PROBLEM DESCRIPTION:
The answer must be the lines from the one that holds "огромный космический корабль." through the final line of the data, copied exactly, with no pictures.

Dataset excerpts
* * * * *

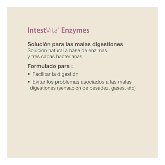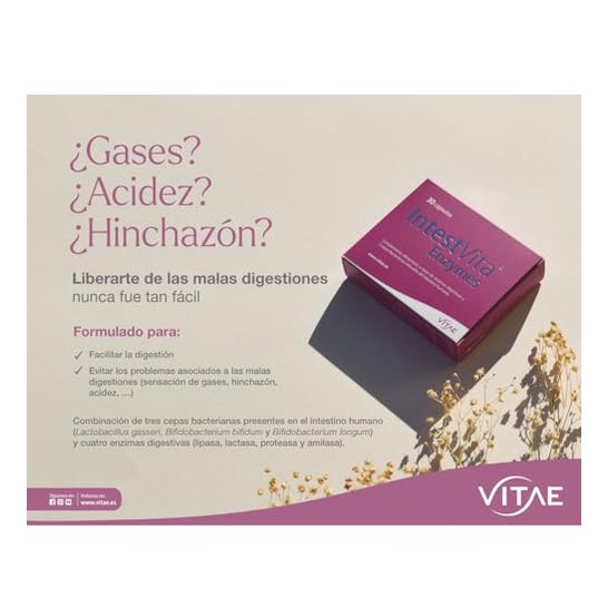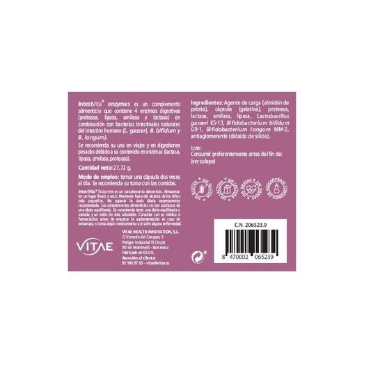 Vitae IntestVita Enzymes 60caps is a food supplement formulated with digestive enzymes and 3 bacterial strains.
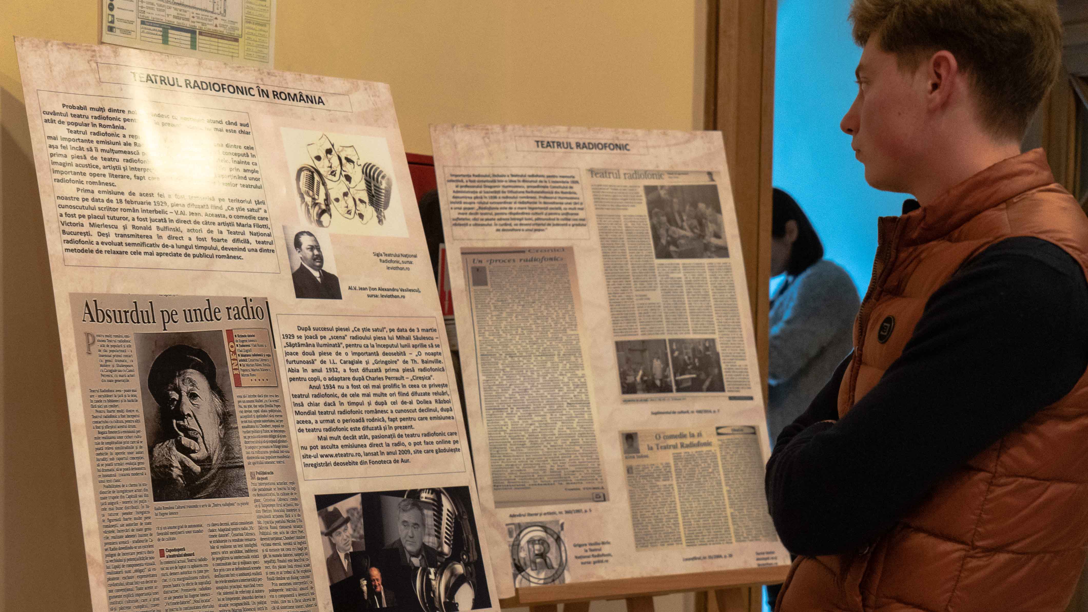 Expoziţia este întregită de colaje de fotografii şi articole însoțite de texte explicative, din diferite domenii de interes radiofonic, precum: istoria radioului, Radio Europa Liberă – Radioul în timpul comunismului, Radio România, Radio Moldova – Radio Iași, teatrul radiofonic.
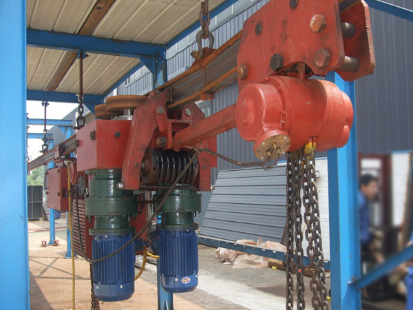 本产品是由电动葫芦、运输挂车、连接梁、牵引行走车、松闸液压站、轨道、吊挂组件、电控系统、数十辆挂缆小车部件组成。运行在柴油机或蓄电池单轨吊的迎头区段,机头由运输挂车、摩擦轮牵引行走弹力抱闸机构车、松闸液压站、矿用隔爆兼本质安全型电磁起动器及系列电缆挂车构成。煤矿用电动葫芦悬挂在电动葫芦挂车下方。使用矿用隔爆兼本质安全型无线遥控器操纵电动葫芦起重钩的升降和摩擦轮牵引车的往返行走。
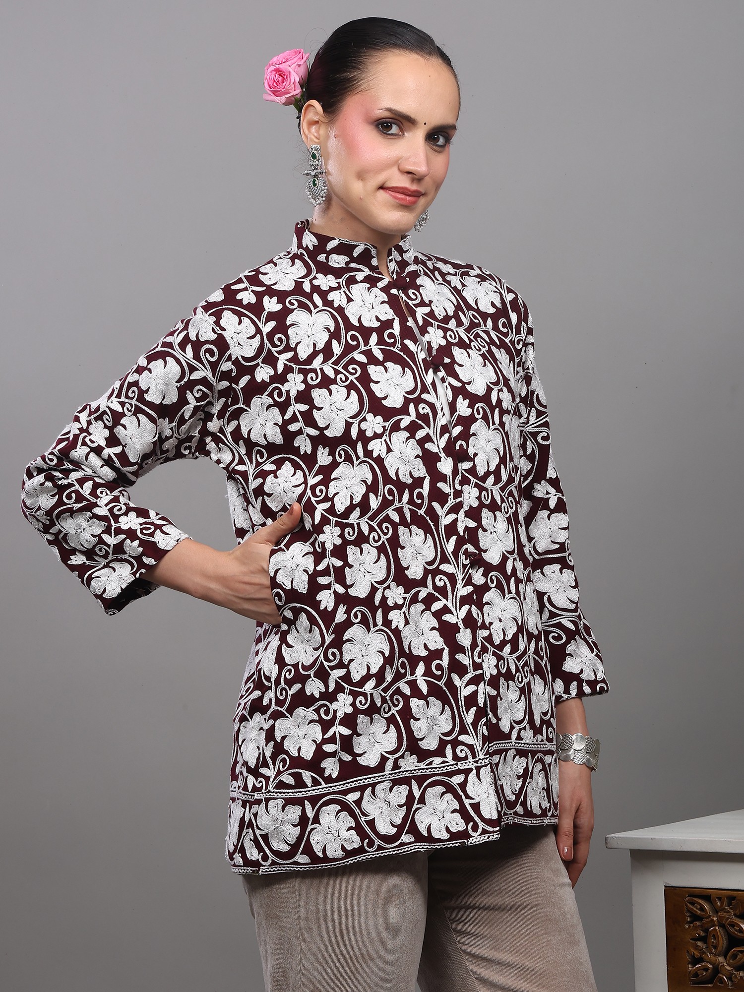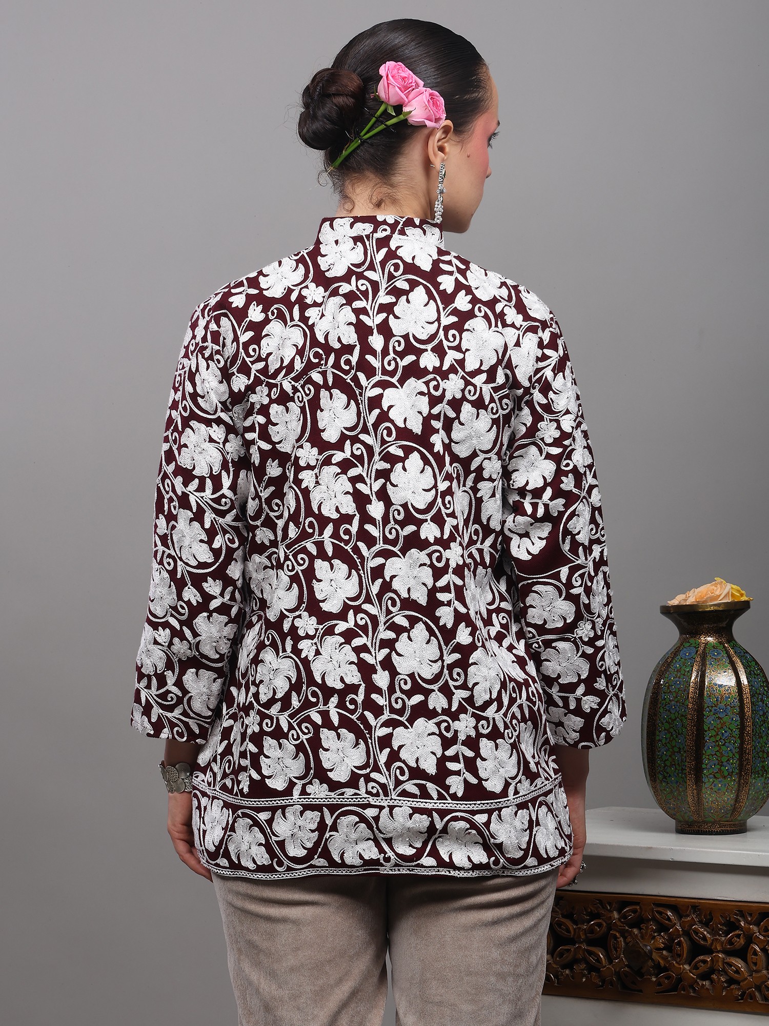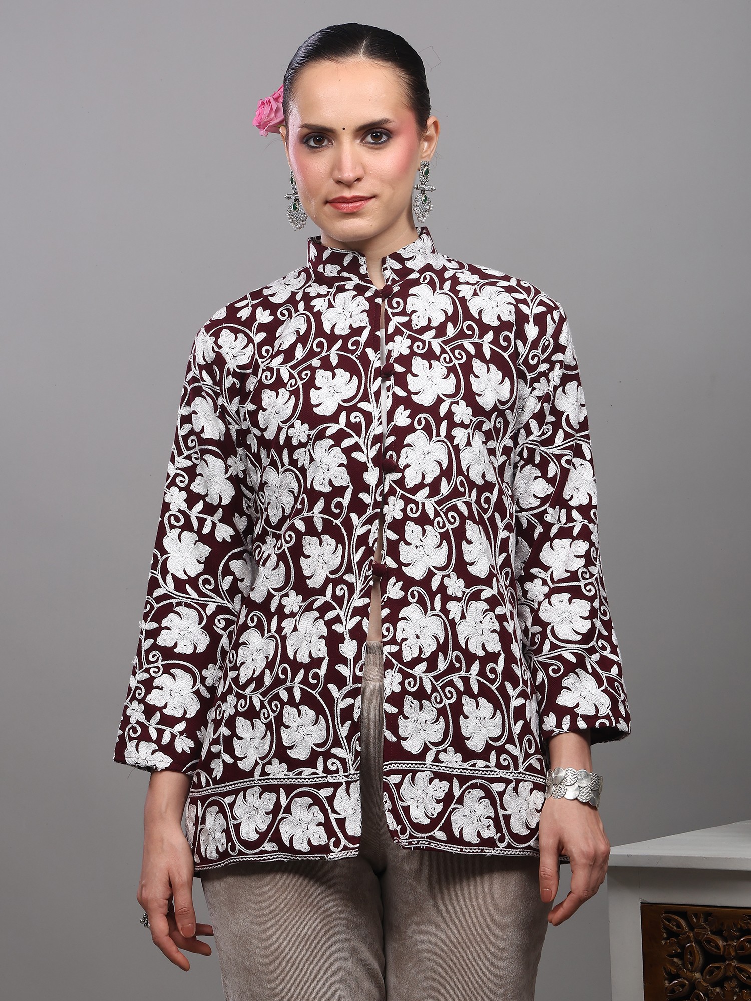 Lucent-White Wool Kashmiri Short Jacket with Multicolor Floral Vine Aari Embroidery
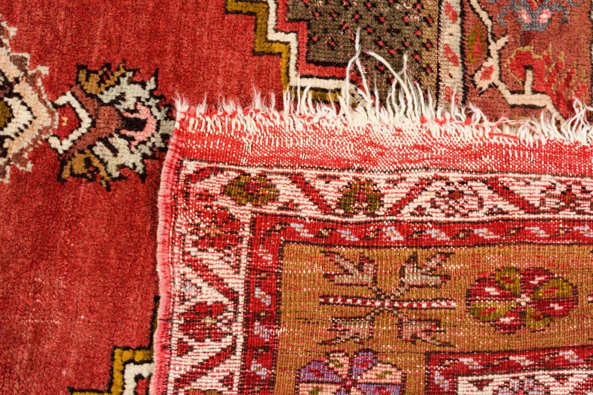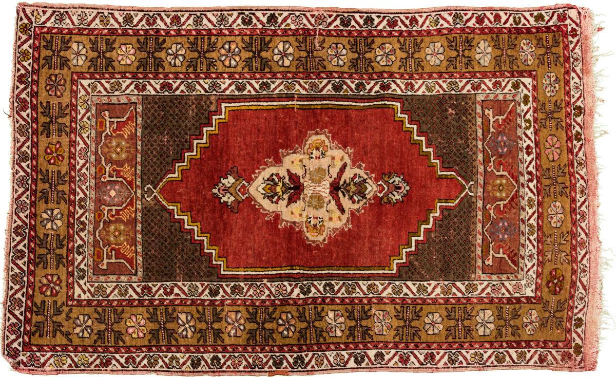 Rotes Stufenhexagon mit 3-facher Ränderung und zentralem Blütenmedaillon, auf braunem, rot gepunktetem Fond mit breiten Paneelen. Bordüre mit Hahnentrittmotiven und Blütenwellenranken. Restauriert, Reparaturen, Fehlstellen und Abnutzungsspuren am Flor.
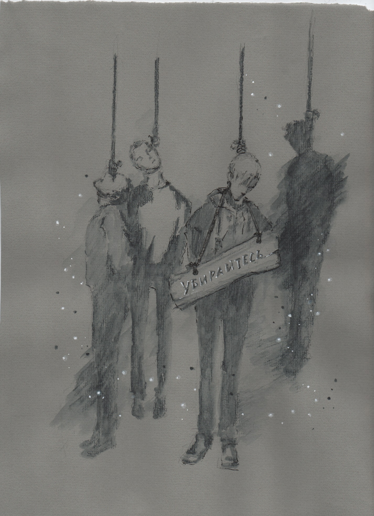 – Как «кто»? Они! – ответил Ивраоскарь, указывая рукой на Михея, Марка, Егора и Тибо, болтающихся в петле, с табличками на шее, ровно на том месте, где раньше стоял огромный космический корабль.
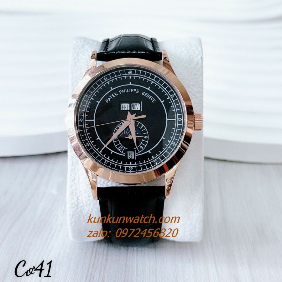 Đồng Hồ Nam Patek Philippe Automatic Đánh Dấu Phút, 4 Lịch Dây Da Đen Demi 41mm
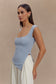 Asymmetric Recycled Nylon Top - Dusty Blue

* * * * *

SOLUTION TO THE EXERCISE:
 – Как «кто»? Они! – ответил Ивраоскарь, указывая рукой на Михея, Марка, Егора и Тибо, болтающихся в петле, с табличками на шее, ровно на том месте, где раньше стоял огромный космический корабль.
 Đồng Hồ Nam Patek Philippe Automatic Đánh Dấu Phút, 4 Lịch Dây Da Đen Demi 41mm
 Asymmetric Recycled Nylon Top - Dusty Blue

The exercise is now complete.